I'm trying to read the ports file from IANA. It is stored in UTF-8 w / o BOM. But on one of the lines, the readline() function swears like this

'charmap' codec can't decode byte 0x98 in position 7938: character maps to <"undefined">

The line in the file looks like this:

# Jim Harlan <"jimh & infowest.com">

What a crutch to come up with for this? Or is there a direct solution?

UPD

For a crutch in the form of deleting this line will go (and she, for some reason, is one here), but only for the time of debugging, because then suddenly that partners will tear the hair on my head.
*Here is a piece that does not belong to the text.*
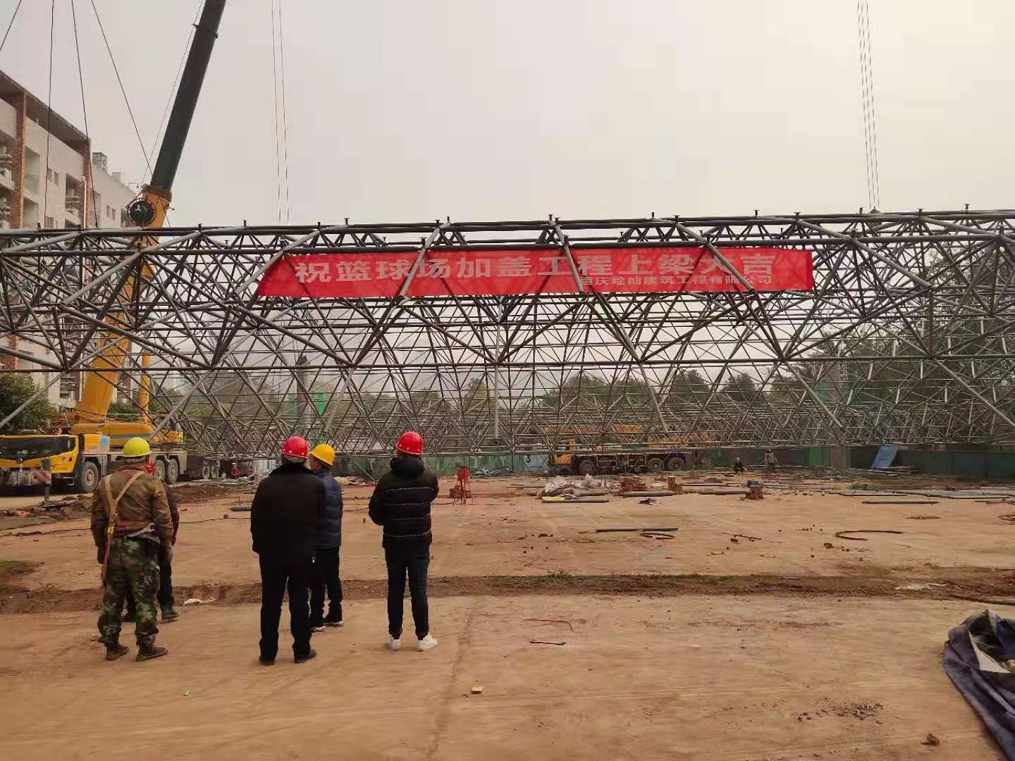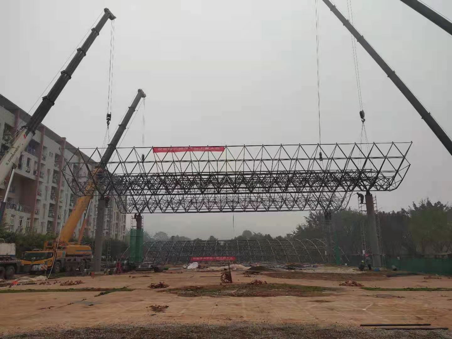重庆商业学院合川校区篮球架网架拼装中

Also lay out the code that I use for this operation:

 try: file = open(path, 'r') while True: line = file.readline() if(not line): break print(line) finally: file.close() 

    4 answers 4

    Try using the built-in codecs library:

     import codecs fileObj = codecs.open( "someFilePath", "r", "utf_8_sig" ) text = fileObj.read() # или читайте по строке fileObj.close() 
    • So the error was found even earlier:> 'charmap' codec can't encode characters in position 29-30: character maps to> <undefined> - Dex
    • Added some corrections to the question. - Dex
    • for utf-8 with BOM you need to change the encoding in open () to "utf_8_sig" - rnd_d
    • one
      It can be said that 50/50. The problem with the first file was solved by deleting the unfortunate line. New file in a different format. Therefore, perhaps you are right, it was a random burst of joy. But your plus sign :) - Dex
    • one
      Do not use codecs, which may not work correctly with the universal string mode. Instead, io.open() can be used. - jfs

    To read a text file encoded using utf-8 encoding in Python, you can use the io.open() function, which is available as the built-in open() in Python 3 :

     #!/usr/bin/env python import io with io.open(path, encoding='utf-8') as file: for line in file: process(line) 
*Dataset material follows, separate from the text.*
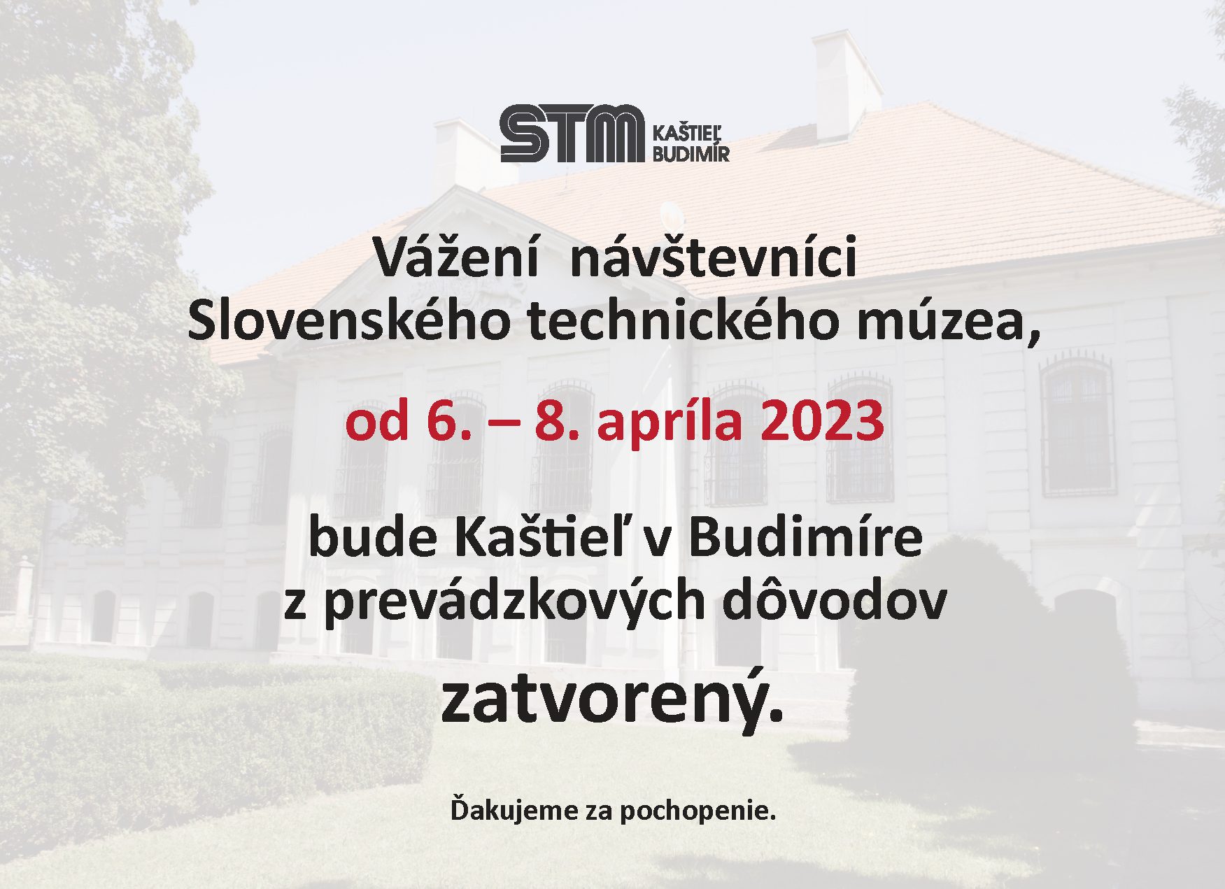 Oznam o zatvorení Kaštieľa v Budimíre

    If errors are possible in the file due to the encoding: the encoding itself is correct, but there may be minor errors, then you can pass an errors='ignore' error handler (or another value depending on the specific situation) .

    Do not use codecs , which may not work correctly with the universal string mode.
    You do not need to change your code page to cp65001 to read the utf-8 file.
    If you want to print Unicode in the Windows console, then see. How can I output a Unicode string to a Windows console from Python?

       file = codecs.open(path, encoding='utf-8', mode='r') 
      • So tried already, did not work - Dex
      • 'utf-8', not 'utf-8-sig' - Ali
      • I tried. Before that there was an answer with utf-8. - Dex

      Constantly caught this error, time after time. The decision is seen here .

       import codecs file = codecs.open( "yourFile", "r", "utf-8" ) data = file.read() file .close() 
      • chcp 65001 command line

      These not complicated actions solved the problem.